* [What is required] The entries that follow should be duplicated in full, without a single alteration.

BEGIN

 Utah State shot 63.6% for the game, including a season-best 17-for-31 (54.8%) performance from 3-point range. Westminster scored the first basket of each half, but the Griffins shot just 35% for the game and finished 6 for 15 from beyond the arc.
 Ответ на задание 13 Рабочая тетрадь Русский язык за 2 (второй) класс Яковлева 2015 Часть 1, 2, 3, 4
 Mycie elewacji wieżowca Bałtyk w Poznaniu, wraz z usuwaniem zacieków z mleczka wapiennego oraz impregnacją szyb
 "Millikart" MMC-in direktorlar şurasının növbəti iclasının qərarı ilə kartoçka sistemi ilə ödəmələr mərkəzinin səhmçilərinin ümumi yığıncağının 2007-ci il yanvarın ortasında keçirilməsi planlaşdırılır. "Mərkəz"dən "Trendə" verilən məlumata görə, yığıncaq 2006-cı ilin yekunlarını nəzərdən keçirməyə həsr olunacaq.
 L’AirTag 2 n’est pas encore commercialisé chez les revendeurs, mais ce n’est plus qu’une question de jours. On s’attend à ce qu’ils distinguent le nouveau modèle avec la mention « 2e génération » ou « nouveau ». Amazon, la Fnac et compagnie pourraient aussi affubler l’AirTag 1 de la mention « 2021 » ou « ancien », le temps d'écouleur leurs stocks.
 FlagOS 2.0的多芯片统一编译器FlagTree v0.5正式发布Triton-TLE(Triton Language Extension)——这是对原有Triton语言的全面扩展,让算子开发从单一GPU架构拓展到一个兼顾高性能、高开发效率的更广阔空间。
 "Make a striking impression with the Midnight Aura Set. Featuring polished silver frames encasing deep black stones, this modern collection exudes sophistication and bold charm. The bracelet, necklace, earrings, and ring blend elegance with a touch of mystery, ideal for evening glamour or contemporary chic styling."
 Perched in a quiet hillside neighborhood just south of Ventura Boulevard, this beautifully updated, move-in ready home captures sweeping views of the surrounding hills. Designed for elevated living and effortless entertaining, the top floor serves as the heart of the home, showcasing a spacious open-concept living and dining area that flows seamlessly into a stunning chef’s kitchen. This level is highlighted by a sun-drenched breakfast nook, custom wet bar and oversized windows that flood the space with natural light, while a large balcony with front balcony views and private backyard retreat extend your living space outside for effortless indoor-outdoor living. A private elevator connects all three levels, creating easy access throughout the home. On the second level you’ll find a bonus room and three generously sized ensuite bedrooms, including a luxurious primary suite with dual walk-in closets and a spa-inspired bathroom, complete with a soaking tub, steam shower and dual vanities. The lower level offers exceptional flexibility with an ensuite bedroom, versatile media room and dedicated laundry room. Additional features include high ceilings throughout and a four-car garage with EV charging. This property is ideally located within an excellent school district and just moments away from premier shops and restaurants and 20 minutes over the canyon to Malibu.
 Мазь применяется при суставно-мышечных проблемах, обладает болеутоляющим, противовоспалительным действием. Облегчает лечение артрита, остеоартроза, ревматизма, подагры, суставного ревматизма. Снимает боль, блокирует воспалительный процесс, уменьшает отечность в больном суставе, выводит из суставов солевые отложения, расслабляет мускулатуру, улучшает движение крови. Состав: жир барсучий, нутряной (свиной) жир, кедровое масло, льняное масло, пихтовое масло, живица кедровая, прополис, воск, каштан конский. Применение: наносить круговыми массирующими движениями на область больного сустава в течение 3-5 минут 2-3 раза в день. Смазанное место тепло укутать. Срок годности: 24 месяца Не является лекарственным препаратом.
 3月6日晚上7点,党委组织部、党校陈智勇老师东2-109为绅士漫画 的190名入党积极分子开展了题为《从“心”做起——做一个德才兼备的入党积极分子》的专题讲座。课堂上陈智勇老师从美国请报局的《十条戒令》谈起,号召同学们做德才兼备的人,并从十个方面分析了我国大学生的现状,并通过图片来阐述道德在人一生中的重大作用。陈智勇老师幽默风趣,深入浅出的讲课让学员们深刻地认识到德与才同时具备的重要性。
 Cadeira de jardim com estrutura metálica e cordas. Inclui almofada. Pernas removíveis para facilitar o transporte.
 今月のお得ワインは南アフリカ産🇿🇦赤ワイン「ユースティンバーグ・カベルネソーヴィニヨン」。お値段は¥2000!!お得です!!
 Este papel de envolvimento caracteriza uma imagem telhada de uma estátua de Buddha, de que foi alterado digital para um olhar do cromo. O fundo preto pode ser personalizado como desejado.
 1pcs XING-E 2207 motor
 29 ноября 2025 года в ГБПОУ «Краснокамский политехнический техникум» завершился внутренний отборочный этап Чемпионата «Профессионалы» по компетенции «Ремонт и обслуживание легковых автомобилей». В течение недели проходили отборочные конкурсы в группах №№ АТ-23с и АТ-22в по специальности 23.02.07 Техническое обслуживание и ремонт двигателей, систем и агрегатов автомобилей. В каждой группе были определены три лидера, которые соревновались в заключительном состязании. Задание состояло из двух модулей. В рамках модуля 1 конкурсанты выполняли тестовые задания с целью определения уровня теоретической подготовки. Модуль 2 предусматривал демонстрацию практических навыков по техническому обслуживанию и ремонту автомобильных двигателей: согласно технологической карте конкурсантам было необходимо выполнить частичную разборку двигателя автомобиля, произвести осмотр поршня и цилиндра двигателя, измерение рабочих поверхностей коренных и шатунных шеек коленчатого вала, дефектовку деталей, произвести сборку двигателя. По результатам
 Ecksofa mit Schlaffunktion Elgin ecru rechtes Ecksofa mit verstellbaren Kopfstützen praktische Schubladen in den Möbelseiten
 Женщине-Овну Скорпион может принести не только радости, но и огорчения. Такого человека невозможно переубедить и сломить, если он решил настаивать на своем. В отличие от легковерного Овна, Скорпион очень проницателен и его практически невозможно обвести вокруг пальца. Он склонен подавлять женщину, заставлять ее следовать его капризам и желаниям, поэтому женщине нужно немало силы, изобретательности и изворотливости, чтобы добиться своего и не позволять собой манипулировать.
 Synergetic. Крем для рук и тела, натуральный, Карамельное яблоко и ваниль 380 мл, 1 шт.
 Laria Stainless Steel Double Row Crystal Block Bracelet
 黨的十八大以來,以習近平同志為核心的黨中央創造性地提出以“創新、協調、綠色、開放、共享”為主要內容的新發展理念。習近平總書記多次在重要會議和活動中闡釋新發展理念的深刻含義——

END

* [Solution to the problem]
 Utah State shot 63.6% for the game, including a season-best 17-for-31 (54.8%) performance from 3-point range. Westminster scored the first basket of each half, but the Griffins shot just 35% for the game and finished 6 for 15 from beyond the arc.
 Ответ на задание 13 Рабочая тетрадь Русский язык за 2 (второй) класс Яковлева 2015 Часть 1, 2, 3, 4
 Mycie elewacji wieżowca Bałtyk w Poznaniu, wraz z usuwaniem zacieków z mleczka wapiennego oraz impregnacją szyb
 "Millikart" MMC-in direktorlar şurasının növbəti iclasının qərarı ilə kartoçka sistemi ilə ödəmələr mərkəzinin səhmçilərinin ümumi yığıncağının 2007-ci il yanvarın ortasında keçirilməsi planlaşdırılır. "Mərkəz"dən "Trendə" verilən məlumata görə, yığıncaq 2006-cı ilin yekunlarını nəzərdən keçirməyə həsr olunacaq.
 L’AirTag 2 n’est pas encore commercialisé chez les revendeurs, mais ce n’est plus qu’une question de jours. On s’attend à ce qu’ils distinguent le nouveau modèle avec la mention « 2e génération » ou « nouveau ». Amazon, la Fnac et compagnie pourraient aussi affubler l’AirTag 1 de la mention « 2021 » ou « ancien », le temps d'écouleur leurs stocks.
 FlagOS 2.0的多芯片统一编译器FlagTree v0.5正式发布Triton-TLE(Triton Language Extension)——这是对原有Triton语言的全面扩展,让算子开发从单一GPU架构拓展到一个兼顾高性能、高开发效率的更广阔空间。
 "Make a striking impression with the Midnight Aura Set. Featuring polished silver frames encasing deep black stones, this modern collection exudes sophistication and bold charm. The bracelet, necklace, earrings, and ring blend elegance with a touch of mystery, ideal for evening glamour or contemporary chic styling."
 Perched in a quiet hillside neighborhood just south of Ventura Boulevard, this beautifully updated, move-in ready home captures sweeping views of the surrounding hills. Designed for elevated living and effortless entertaining, the top floor serves as the heart of the home, showcasing a spacious open-concept living and dining area that flows seamlessly into a stunning chef’s kitchen. This level is highlighted by a sun-drenched breakfast nook, custom wet bar and oversized windows that flood the space with natural light, while a large balcony with front balcony views and private backyard retreat extend your living space outside for effortless indoor-outdoor living. A private elevator connects all three levels, creating easy access throughout the home. On the second level you’ll find a bonus room and three generously sized ensuite bedrooms, including a luxurious primary suite with dual walk-in closets and a spa-inspired bathroom, complete with a soaking tub, steam shower and dual vanities. The lower level offers exceptional flexibility with an ensuite bedroom, versatile media room and dedicated laundry room. Additional features include high ceilings throughout and a four-car garage with EV charging. This property is ideally located within an excellent school district and just moments away from premier shops and restaurants and 20 minutes over the canyon to Malibu.
 Мазь применяется при суставно-мышечных проблемах, обладает болеутоляющим, противовоспалительным действием. Облегчает лечение артрита, остеоартроза, ревматизма, подагры, суставного ревматизма. Снимает боль, блокирует воспалительный процесс, уменьшает отечность в больном суставе, выводит из суставов солевые отложения, расслабляет мускулатуру, улучшает движение крови. Состав: жир барсучий, нутряной (свиной) жир, кедровое масло, льняное масло, пихтовое масло, живица кедровая, прополис, воск, каштан конский. Применение: наносить круговыми массирующими движениями на область больного сустава в течение 3-5 минут 2-3 раза в день. Смазанное место тепло укутать. Срок годности: 24 месяца Не является лекарственным препаратом.
 3月6日晚上7点,党委组织部、党校陈智勇老师东2-109为绅士漫画 的190名入党积极分子开展了题为《从“心”做起——做一个德才兼备的入党积极分子》的专题讲座。课堂上陈智勇老师从美国请报局的《十条戒令》谈起,号召同学们做德才兼备的人,并从十个方面分析了我国大学生的现状,并通过图片来阐述道德在人一生中的重大作用。陈智勇老师幽默风趣,深入浅出的讲课让学员们深刻地认识到德与才同时具备的重要性。
 Cadeira de jardim com estrutura metálica e cordas. Inclui almofada. Pernas removíveis para facilitar o transporte.
 今月のお得ワインは南アフリカ産🇿🇦赤ワイン「ユースティンバーグ・カベルネソーヴィニヨン」。お値段は¥2000!!お得です!!
 Este papel de envolvimento caracteriza uma imagem telhada de uma estátua de Buddha, de que foi alterado digital para um olhar do cromo. O fundo preto pode ser personalizado como desejado.
 1pcs XING-E 2207 motor
 29 ноября 2025 года в ГБПОУ «Краснокамский политехнический техникум» завершился внутренний отборочный этап Чемпионата «Профессионалы» по компетенции «Ремонт и обслуживание легковых автомобилей». В течение недели проходили отборочные конкурсы в группах №№ АТ-23с и АТ-22в по специальности 23.02.07 Техническое обслуживание и ремонт двигателей, систем и агрегатов автомобилей. В каждой группе были определены три лидера, которые соревновались в заключительном состязании. Задание состояло из двух модулей. В рамках модуля 1 конкурсанты выполняли тестовые задания с целью определения уровня теоретической подготовки. Модуль 2 предусматривал демонстрацию практических навыков по техническому обслуживанию и ремонту автомобильных двигателей: согласно технологической карте конкурсантам было необходимо выполнить частичную разборку двигателя автомобиля, произвести осмотр поршня и цилиндра двигателя, измерение рабочих поверхностей коренных и шатунных шеек коленчатого вала, дефектовку деталей, произвести сборку двигателя. По результатам
 Ecksofa mit Schlaffunktion Elgin ecru rechtes Ecksofa mit verstellbaren Kopfstützen praktische Schubladen in den Möbelseiten
 Женщине-Овну Скорпион может принести не только радости, но и огорчения. Такого человека невозможно переубедить и сломить, если он решил настаивать на своем. В отличие от легковерного Овна, Скорпион очень проницателен и его практически невозможно обвести вокруг пальца. Он склонен подавлять женщину, заставлять ее следовать его капризам и желаниям, поэтому женщине нужно немало силы, изобретательности и изворотливости, чтобы добиться своего и не позволять собой манипулировать.
 Synergetic. Крем для рук и тела, натуральный, Карамельное яблоко и ваниль 380 мл, 1 шт.
 Laria Stainless Steel Double Row Crystal Block Bracelet
 黨的十八大以來,以習近平同志為核心的黨中央創造性地提出以“創新、協調、綠色、開放、共享”為主要內容的新發展理念。習近平總書記多次在重要會議和活動中闡釋新發展理念的深刻含義——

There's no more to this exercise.